2. The structure of the labor market has undergone a sea change with increased technological levels and the ‘amazonification’ of labor market giving rise to the gig economy, which has allowed workers to take up an increasing number of part time jobs at compressed wages.

The two factors explain how so many jobs created in the previous few years was absorbed by the labor pool without having a significant impact on wages.

In light of these dis-inflationary factors, the US economy entering the end of its business cycle, the tax-cut effects subsiding, earnings forecast for major companies being subjected to reductions compared to previous years, heightened trade uncertainty with regard to China and recessionary signals coming from Europe (particularly from Italy and Germany) it is reasonable to assume that downside risks to the economy have increased, thus meriting a more dovish approach from the Fed.

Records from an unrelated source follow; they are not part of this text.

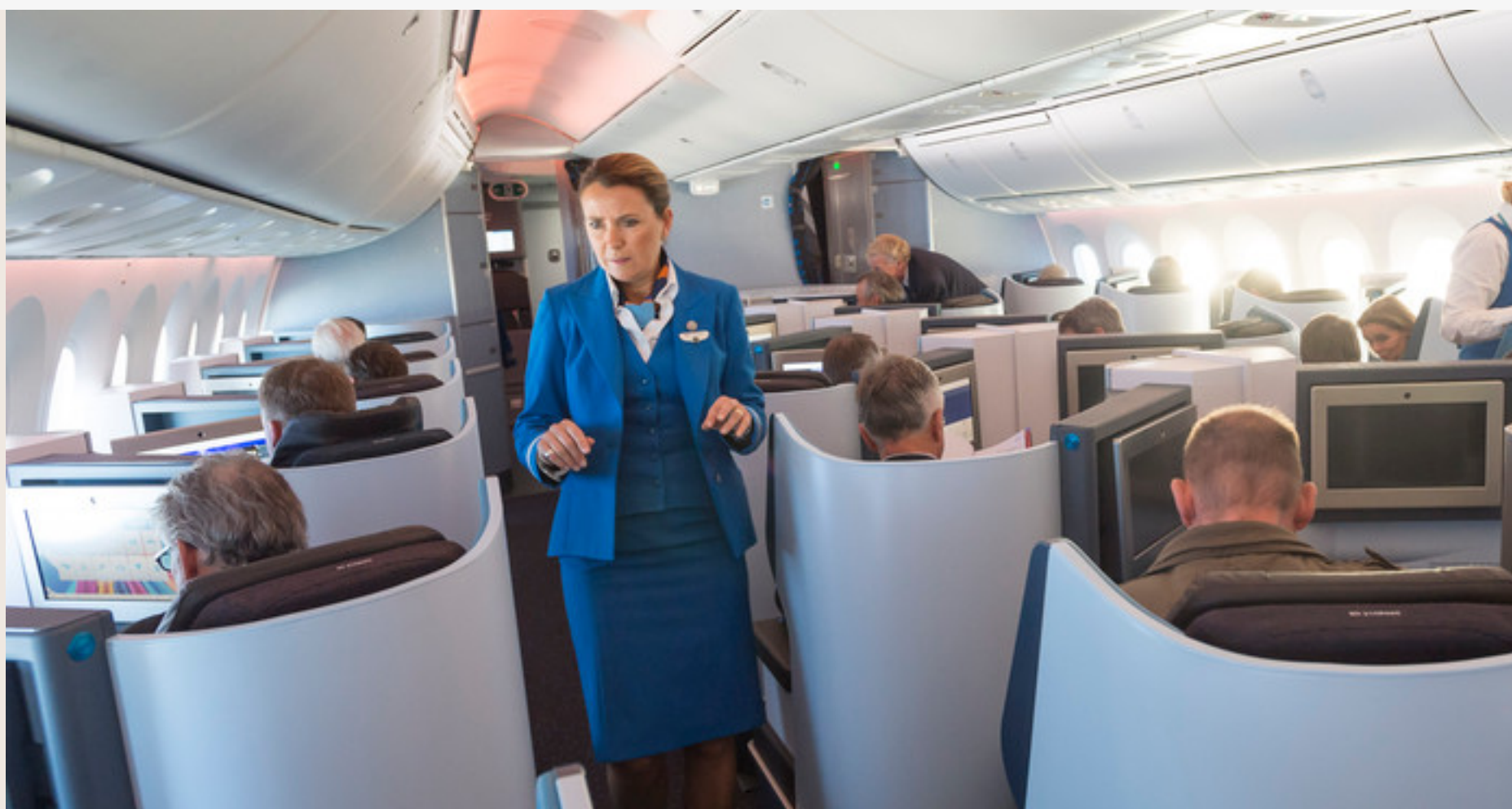
▲ De businessclass in een KLM-vliegtuig.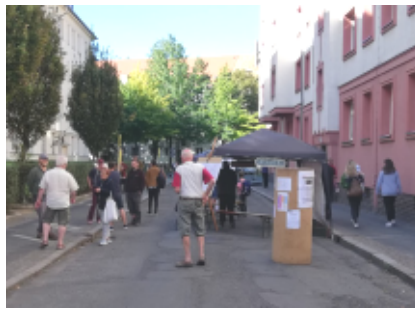
Impressionen vom Park(ing) Day

So trafen sich Anwohnende und plauderten miteinander. Passieren schleckten ein Eis und liefen auf den Gehwegen nebeneinander statt hintereinander. Die Postboten grüßten freundlich und freuten sich über den großzügigen Bewegungsraum. Kinder spielten wie selbstverständlich mit dem Straßenspielzeug und die Erwachsenen aßen ein Stück Kuchen vom Brause-Bäcker und genossen ein Tässchen fair gehandelten Kaffee, während Wo ist Martin den musikalischen Rahmen bot.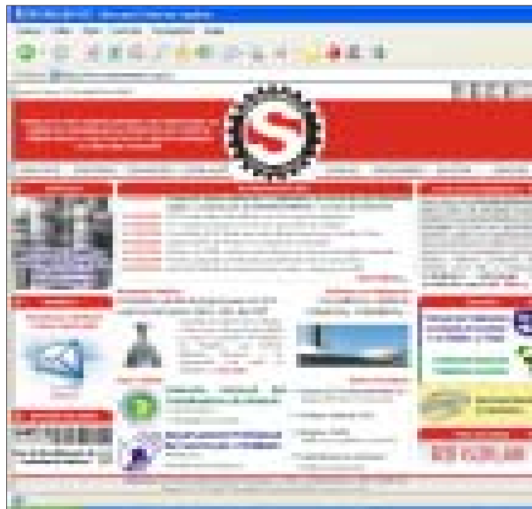
A página do sindicato na internet trás diversas informações

Vale destacar que as matérias sobre o movimento sindical são atualizadas diariamente.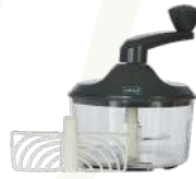
LURCH DOĞRAYICI MIXER MÜSLİ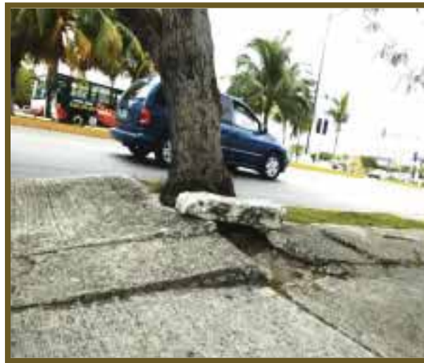
A causa de las raíces de los árboles, las banquetas se levantan y representan un obstáculo.

As mentioned above, one of the key decisions of the Fed, apart from the change in stance with respect to the fed funds rate, was to halt the automatic reduction of its balance sheet. The Fed had, in the years subsequent to the crises, increased its balance sheet by buying unprecedented amounts of treasury and asset backed securities. While, this was initiated to provide much needed liquidity to financial markets in the wake of the crises, its extended use, created a re-balancing effect which reduced yields to very low levels on safe assets, thus, bolstering the demand for risky assets and propping up risk appetite. This was followed by record issuance of high yield bond (BBB) and leveraged loans. Hence, massive amounts of easy credit were provided to highly leveraged entities with limited cash flows.

The announcement in October about balance sheet reduction (quantitative tightening) apart from causing a downfall in stock indices also led to a widening in credit spread between high and low rated bonds and poor performance by leveraged loans. This was expected, since a quantitative tightening would, naturally, lead to the opposite of the kind of portfolio re-balancing that we earlier had within the Quantitative Easing era. It would, thus, lead to diminished risk appetite and investor demand for risky securities.

More significantly, if the whole process were to take place in an environment of declining earnings and a slowing economy with highly leveraged companies struggling to generate adequate cash flows, it is highly likely that we would see a series of defaults and sell offs on the securities issued by them, thus, causing huge losses of value for investors. Notwithstanding, the impact of low earnings on economic output, such a big loss in wealth of retail investors and pension funds (since they have significant exposure to this asset class) could shatter confidence in the economy and send it into a recession even if a full-blown crisis is avoided due to low exposure of banks to these securities. This makes the Fed more averse to financial tightening currently than ever before, since a fall in the risk appetite, which was propped up by QE, could have such drastic effects in a slowing economy.Therefore, apart from keeping the economy running smoothly, FED now also has an added objective of not letting risk appetite slide significantly in times of distress.Therefore, in the latest FOMC meeting, FED deemed it prudent to call off interest rate hikes and automatic balance sheet reduction, as it saw downside risks to the economy increase and not enough buildup of inflationary pressures, both of which would not warrant souring of the risk appetite due to additional tightening. This also makes it more likely, in the case of overheating of the economy and higher inflation in the future, that the Fed will only use one of the above-mentioned tools to stabilize the economy.